[Provided information — start]

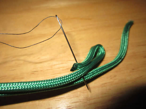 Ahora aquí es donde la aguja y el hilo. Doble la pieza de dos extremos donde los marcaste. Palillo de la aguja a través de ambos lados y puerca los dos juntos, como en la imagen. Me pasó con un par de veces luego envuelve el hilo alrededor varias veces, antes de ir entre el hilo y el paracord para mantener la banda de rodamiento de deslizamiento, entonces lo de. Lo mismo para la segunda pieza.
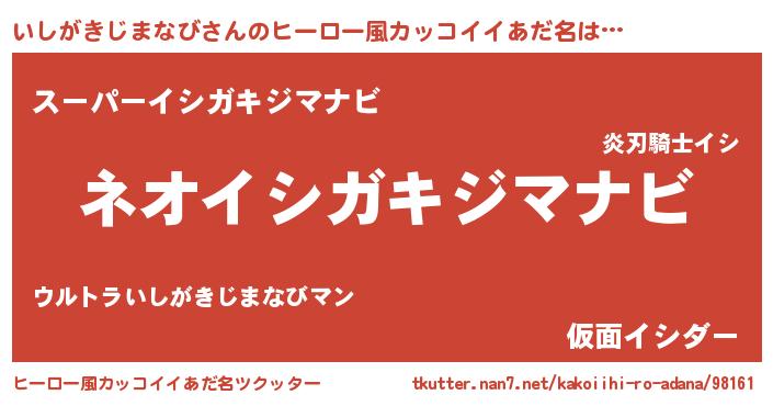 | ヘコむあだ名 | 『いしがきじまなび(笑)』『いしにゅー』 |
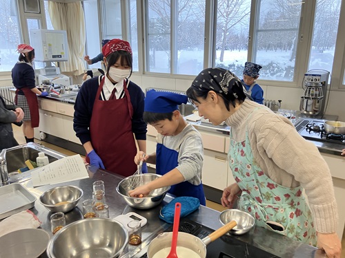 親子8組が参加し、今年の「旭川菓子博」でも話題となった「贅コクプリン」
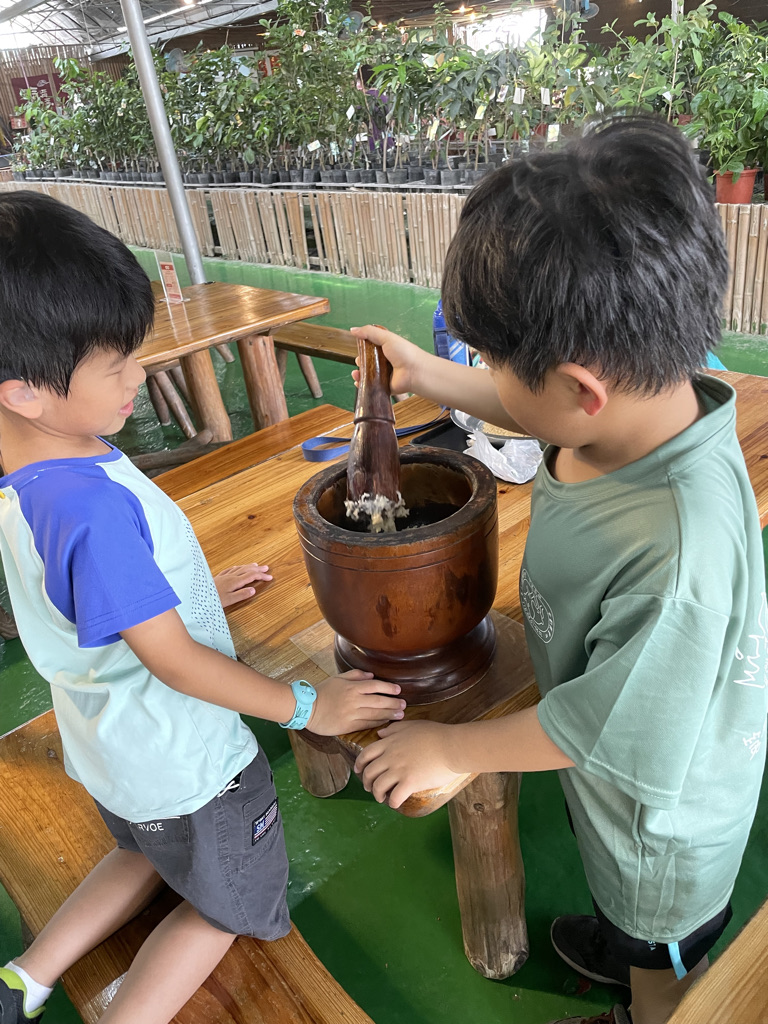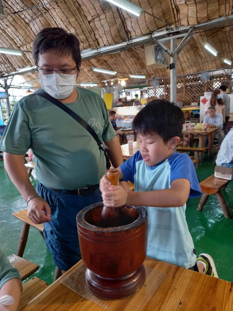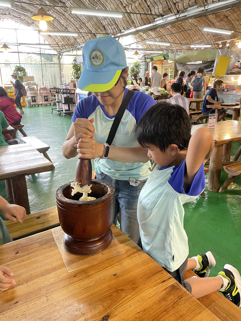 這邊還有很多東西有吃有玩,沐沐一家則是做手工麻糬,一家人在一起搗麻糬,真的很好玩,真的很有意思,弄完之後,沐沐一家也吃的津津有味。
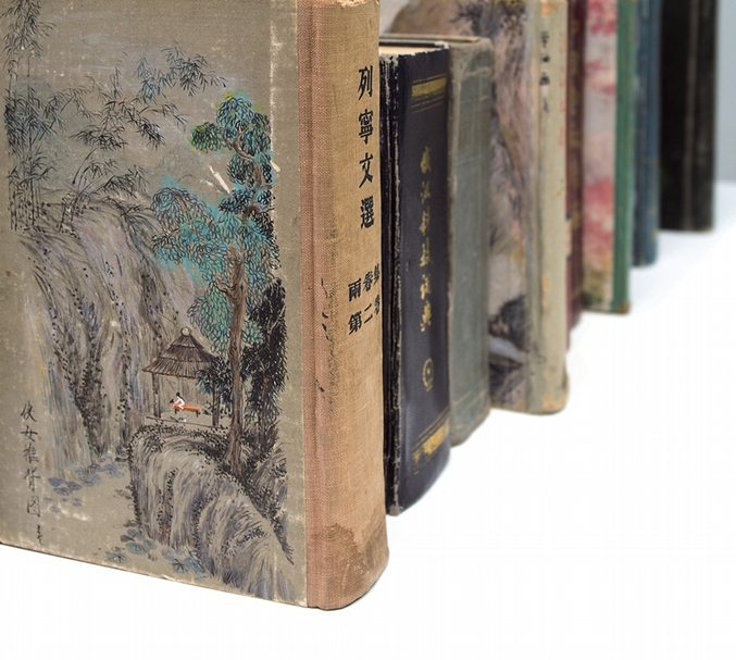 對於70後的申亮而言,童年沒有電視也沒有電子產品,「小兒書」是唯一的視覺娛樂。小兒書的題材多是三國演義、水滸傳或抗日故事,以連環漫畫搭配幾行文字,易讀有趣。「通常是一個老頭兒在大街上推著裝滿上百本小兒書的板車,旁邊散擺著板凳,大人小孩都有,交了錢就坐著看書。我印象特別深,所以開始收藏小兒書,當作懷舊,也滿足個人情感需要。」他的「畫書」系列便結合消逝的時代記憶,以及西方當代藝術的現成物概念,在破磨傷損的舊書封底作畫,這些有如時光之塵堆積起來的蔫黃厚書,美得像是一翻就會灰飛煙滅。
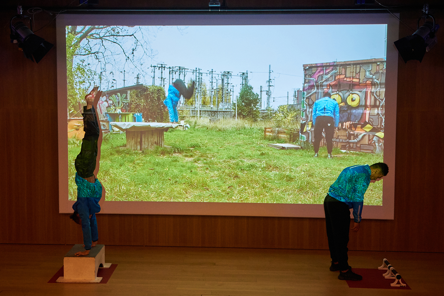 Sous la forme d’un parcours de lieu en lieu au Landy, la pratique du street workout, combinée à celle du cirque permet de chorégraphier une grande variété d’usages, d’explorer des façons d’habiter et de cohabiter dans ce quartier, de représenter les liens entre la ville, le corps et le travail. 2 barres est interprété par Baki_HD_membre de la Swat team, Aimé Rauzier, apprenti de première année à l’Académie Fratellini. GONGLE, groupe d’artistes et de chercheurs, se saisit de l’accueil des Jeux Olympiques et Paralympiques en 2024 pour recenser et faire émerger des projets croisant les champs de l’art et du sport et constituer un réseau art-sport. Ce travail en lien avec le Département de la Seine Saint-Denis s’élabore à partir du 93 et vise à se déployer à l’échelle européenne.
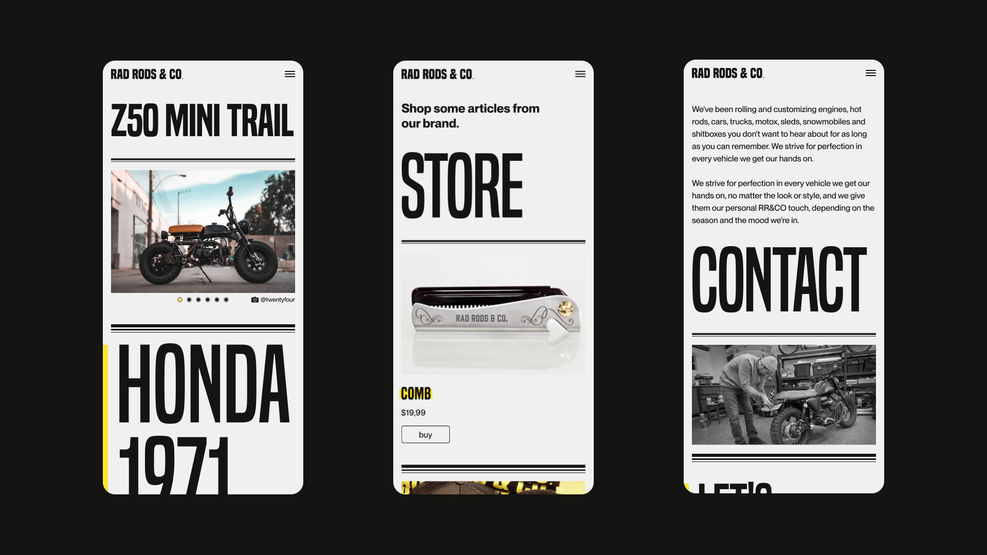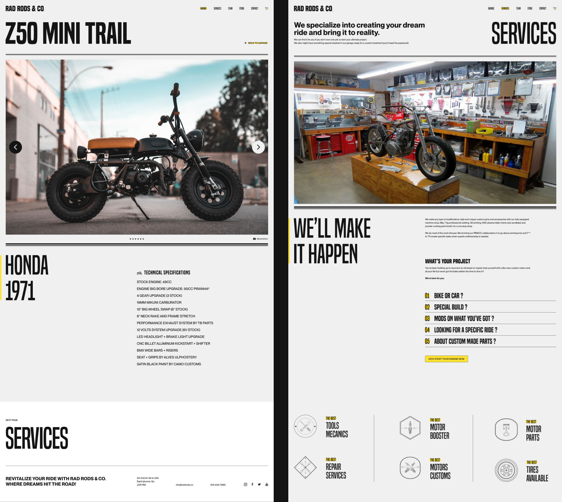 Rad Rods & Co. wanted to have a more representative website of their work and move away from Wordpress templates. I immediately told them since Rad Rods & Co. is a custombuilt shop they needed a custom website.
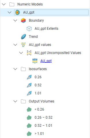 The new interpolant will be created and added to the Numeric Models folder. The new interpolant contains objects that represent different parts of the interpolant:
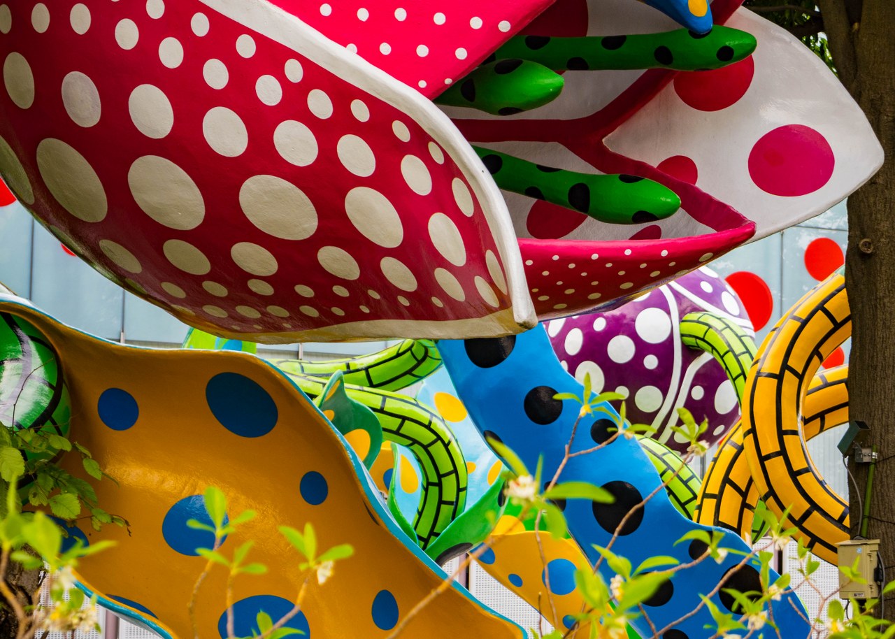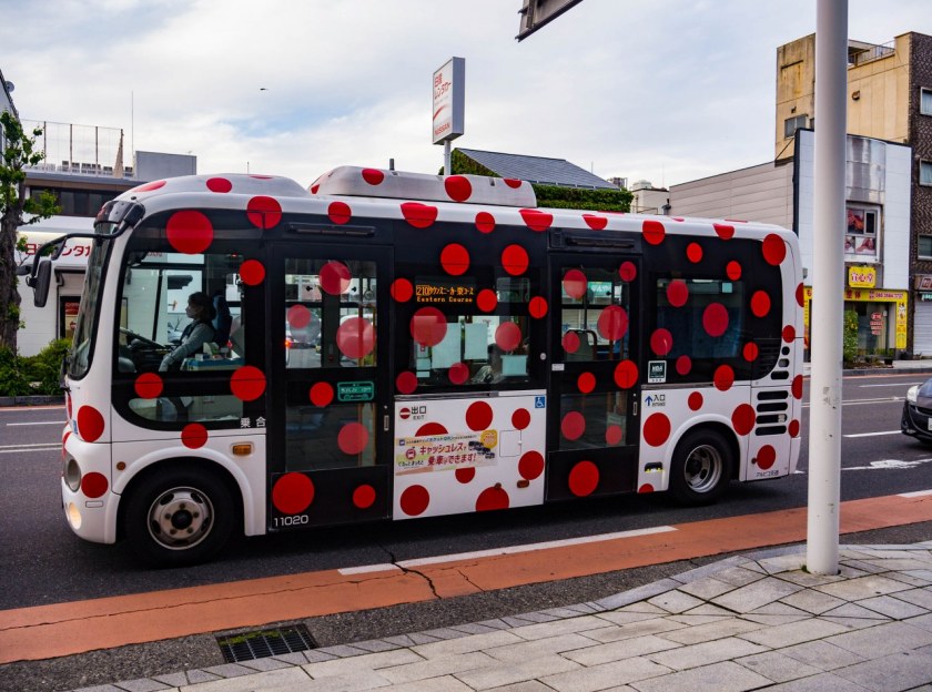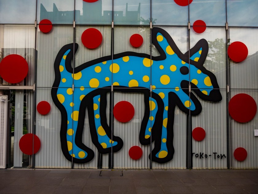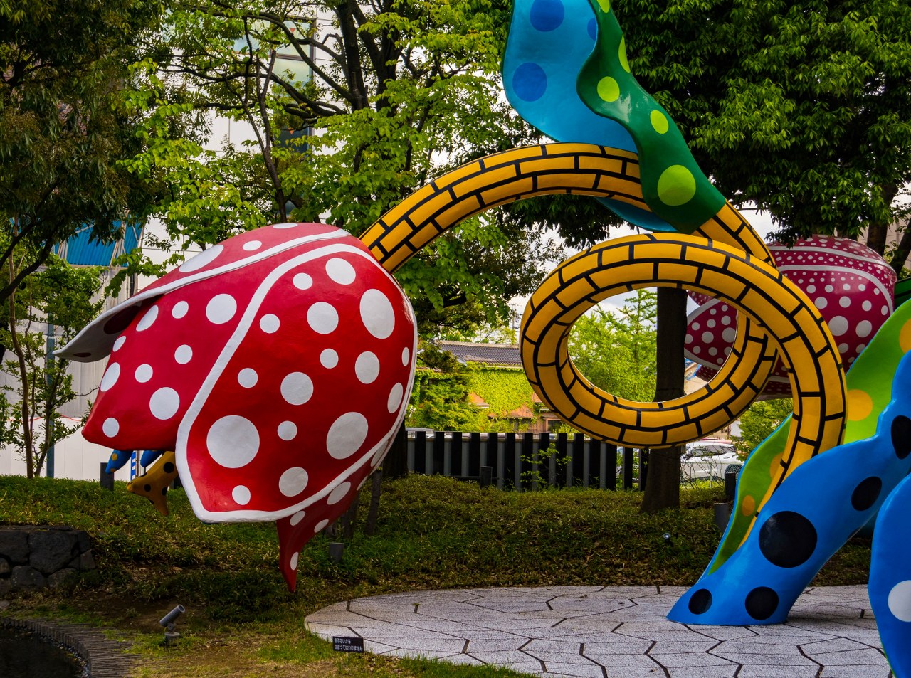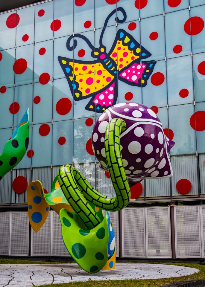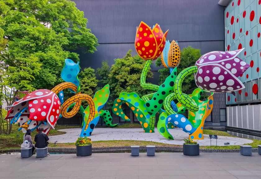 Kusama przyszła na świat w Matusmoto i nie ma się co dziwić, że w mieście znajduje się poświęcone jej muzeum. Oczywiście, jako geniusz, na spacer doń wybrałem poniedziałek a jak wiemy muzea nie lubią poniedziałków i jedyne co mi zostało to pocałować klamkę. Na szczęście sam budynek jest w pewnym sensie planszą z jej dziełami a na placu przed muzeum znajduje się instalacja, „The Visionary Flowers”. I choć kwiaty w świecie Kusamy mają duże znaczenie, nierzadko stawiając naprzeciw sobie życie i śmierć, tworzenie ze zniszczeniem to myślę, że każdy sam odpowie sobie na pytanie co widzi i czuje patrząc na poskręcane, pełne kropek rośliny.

[Provided information — finish]

### Directions for this task
Copy exactly, and copy nothing else: the lines from the start of the data above through the line that holds "親子8組が参加し、今年の「旭川菓子博」でも話題となった「贅コクプリン」". The pictures stay out.

### Answer space
 Ahora aquí es donde la aguja y el hilo. Doble la pieza de dos extremos donde los marcaste. Palillo de la aguja a través de ambos lados y puerca los dos juntos, como en la imagen. Me pasó con un par de veces luego envuelve el hilo alrededor varias veces, antes de ir entre el hilo y el paracord para mantener la banda de rodamiento de deslizamiento, entonces lo de. Lo mismo para la segunda pieza.
 | ヘコむあだ名 | 『いしがきじまなび(笑)』『いしにゅー』 |
 親子8組が参加し、今年の「旭川菓子博」でも話題となった「贅コクプリン」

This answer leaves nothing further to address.